Andrew shares that nearly all of his ancestors came from England to “New England” in the seventeenth century and claimed land. He sees his family of origin’s complete silence about Native Americans as an indication of complicity in genocide as defined by international conventions. Working against the collective amnesia, he seeks to understand his ancestors in context and stand with them beyond good and bad. Along the way, he describes encounters with particular forebears—a Scottish prisoner of war and a Nantucket whaling family—and reflects on the transmission of shame and guilt across generations as a form of moral injury. While attending the historical trauma of his own lineage, he draws attention to the potential for deep collective healing by engaging in relationships with native people and taking initiatives on the path of peace.

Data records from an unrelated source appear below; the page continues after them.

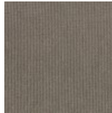
Old Brass 8098-103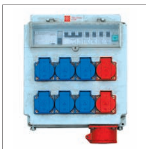
Panou Electric EUR 120.00 OCTANORM Cod 019.010.275.000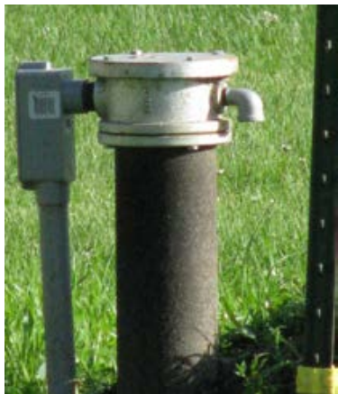
Sharon Skipton, Southeast Research and Extension Center

There is no single test to determine the safety of drinking water. Testing for bacteria and nitrate does not guarantee the water is safe, as other contaminants could be present. Aquifers, which supply groundwater, are vulnerable to many types of contamination. Contaminants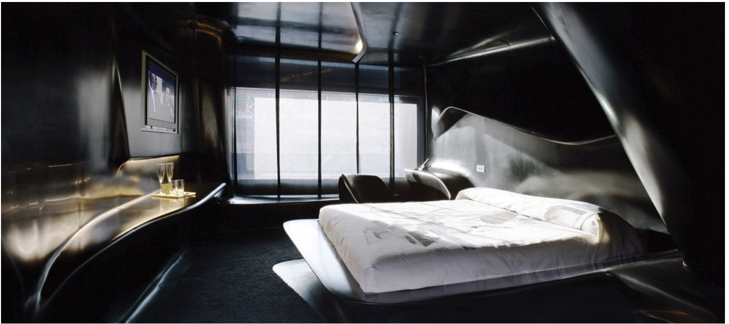
Authoritative luxury courtesy of Hotel Puerta América, Madrid, Silken Hotels. Bedroom designed by architect Zaha Hadid

Supporting this is the increased knowledge of consumers who, buoyed by rising personal wealth and the desire to spend more intelligently, are embarking on food pilgrimages and food safaris – eating their way around the world in new, innovative ways.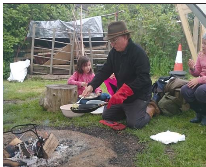
Battered elderflowers at our Plant Share in 2016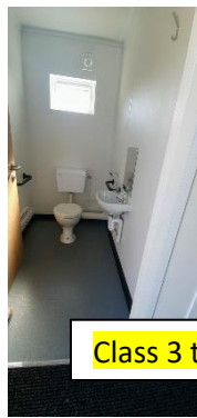
Class 3 toilets

Andrew Grant, M.Div., MLIS, a JAWM friend and regular Zoom host, holds master’s degrees in divinity (M.Div., Emory 1989) and library and information science (M.L.I.S., Rutgers 2007). After serving as a Methodist minister, he found his spiritual home with the Quakers. Currently appointed to the Quaker Resource Group for Right Relations with Indigenous Peoples, Andrew is part of efforts to redress the harms of settler colonization. As an archival researcher, he coordinates a research network investigating 19th-century Quaker assimilative Indian boarding schools.